Guardiagrele, Dal Pozzo risponde a Caramanico che annuncia esposti contro l’amministrazione

GUARDIAGRELE. Il sindaco Simone Dal Pozzo, risponde alla diffida inviatagli nei giorni scorsi dal consigliere comunale di opposizione Franco Caramanico, con la quale quest'ultimo lamentava la mancata consegna della richiesta documentazione del Piano d'Area di via Anello.

«Caramanico - dice Dal Pozzo - ha ottenuto tutte le risposte alle domande che ha formulato ed ha avuto modo di confrontarsi con gli uffici comunali, di accedere agli atti e leggere tutti i documenti e, sopratutto, conosce bene quali sono le nostre intenzioni. L'unica ragione che vedo quindi, nella diffida che mi ha inviato, o meglio che dice di aver fatto - continua - penso sia da trovare nella necessità di attestare l'esistenza di una forza politica che, con questo atto, ha purtroppo dimostrato una scarsa volontà di costruire un percorso. Se siamo d'accordo sull'obiettivo di non realizzare il Piano d'Area - si domanda Dal Pozzo - tutto il resto che motivazioni ha ?»
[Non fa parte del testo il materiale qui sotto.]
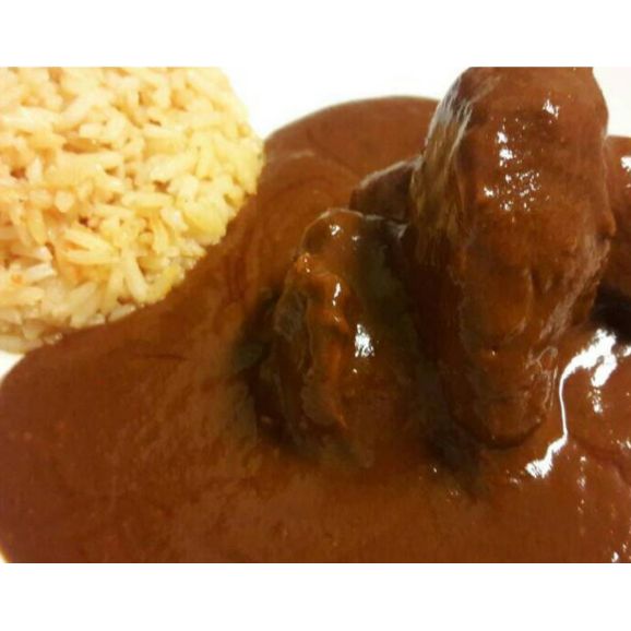 Mole de la casa 100% casero con una pz de pollo (pierna, muslo o pechuga) acompañado de 1 guarnición y 3 pzs de tortilla
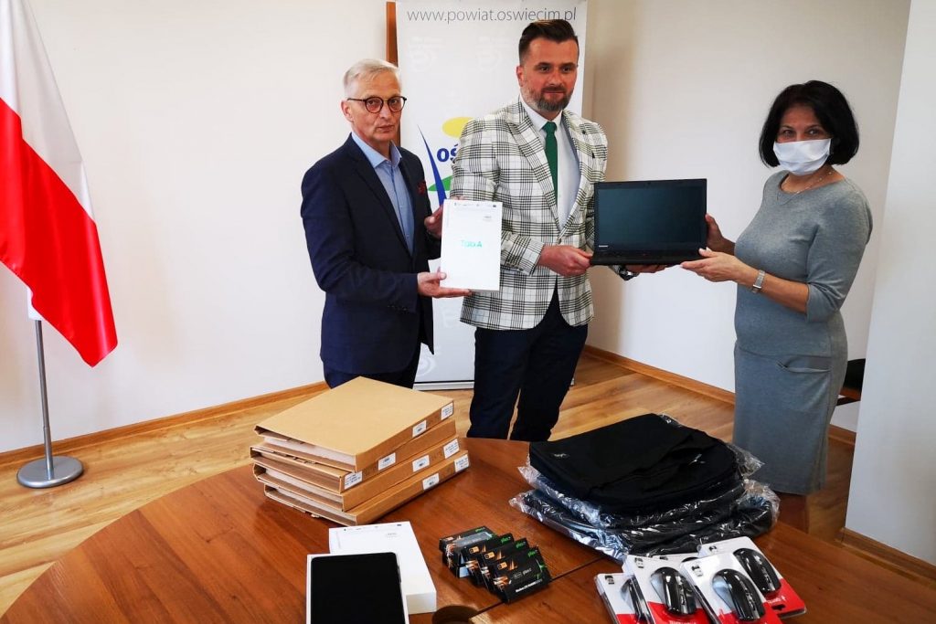 “Sprzęt o łącznej wartości blisko 100 tys. zł został zakupiony dzięki grantowi z Programu Operacyjnego Polska Cyfrowa na lata 2014-2020. Decyzją dyrektorów poszczególnych placówek sprzęt będzie mógł zostać użyczony uczniom wykluczonym cyfrowo do realizacji zadań zdalnej nauki” – podaje strona Powiatu.
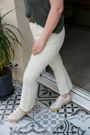 Le pantalon cropped flare est une pièce tendance qui combine deux éléments de style : la coupe flare et une longueur courte. Ce pantalon est ajusté au niveau des hanches et des cuisses, puis s’élargit doucement à partir du genou, créant une forme évasée. Ce qui le distingue particulièrement, c’est sa longueur, qui s’arrête juste au-dessus de la cheville, offrant un effet "cropped" ou raccourci.
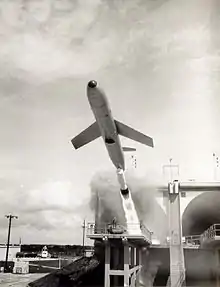 In June or July 1959, a MIM-14 Nike-Hercules anti-aircraft missile was accidentally fired from the Nike site 8 battery at Naha Air Base on Okinawa which according to some witnesses, was complete with a nuclear warhead.[33] While the missile was undergoing continuity testing of the firing circuit, known as a squib test, stray voltage caused a short circuit in a faulty cable that was lying in a puddle and allowed the missile's rocket engines to ignite with the launcher still in a horizontal position.[33] The Nike missile left the launcher and smashed through a fence and down into a beach area skipping the warhead out across the water "like a stone."[33] The rocket's exhaust blast killed two Army technicians and injured one.[33] Similar accidental launches of the Nike-H missile had occurred at Fort George G. Meade[34] and in South Korea. Newsweek magazine reported that following a highly publicized U.S. nuclear weapons accident in 1961, Kennedy was informed that, "there two cases in which nuclear armed anti-aircraft missiles were actually launched by inadvertence."[35][36][37]
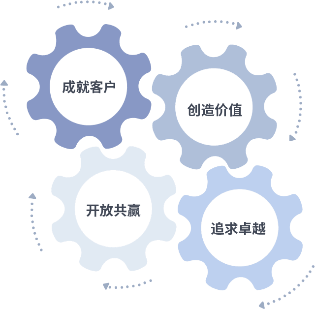 成就客户是一切决策的出发点,,,创造价值是衡量所有工作的标准,,追求卓越是我们做事做人的态度,,,,开放共赢是我们的格局也是最终的结果。。。价值观的齿轮环环相扣,,,,推动着组织里的每个人不断向前。。。。

Il primo cittadino ricorda poi che Caramanico ha condito il comunicato sulla diffida, con il timore di iniziative da parte dell'amministrazione comunale a danno del commercio. «Nel programma elettorale e nei documenti di programmazione approvati dal consiglio comunale - rimarca Dal Pozzo - abbiamo invece detto che il Piano d'Area non si farà, spiegando inoltre che l'alienazione dell'area è indicata a giustificazione della realizzazione del palazzetto dello sport. Togliere il tutto con un tratto di penna - osserva Dal Pozzo - significherebbe solo cancellare l'unica cosa buona di quel Piano, cioè la realizzazione del palazzetto». Dal Pozzo ricorda di aver spiegato al consigliere Caramanico che il valore del terreno è rimasto invariato, perché la superficie destinata a funzioni commerciali è aumentata, nonostante l'edificio di cui era prevista la realizzazione sia stato abbassato di un piano. «Ciò nonostante - sottolinea Dal Pozzo - si minaccia una azione giudiziaria verso di me e la mia amministrazione. Sono in Comune tutti i giorni, anche fuori gli orari di ufficio - precisa - sarebbe certamente più semplice affrontare i problemi parlandone, anzichè con botte e risposte o, addirittura, ricorrendo a carte bollate. Noi - conclude il sindaco - andremo avanti con grande determinazione, portando avanti il nostro lavoro, disponibili al confronto e al contibuto di tutti. Ora è il nostro turno e bisogna che qualcuno se ne faccia una ragione».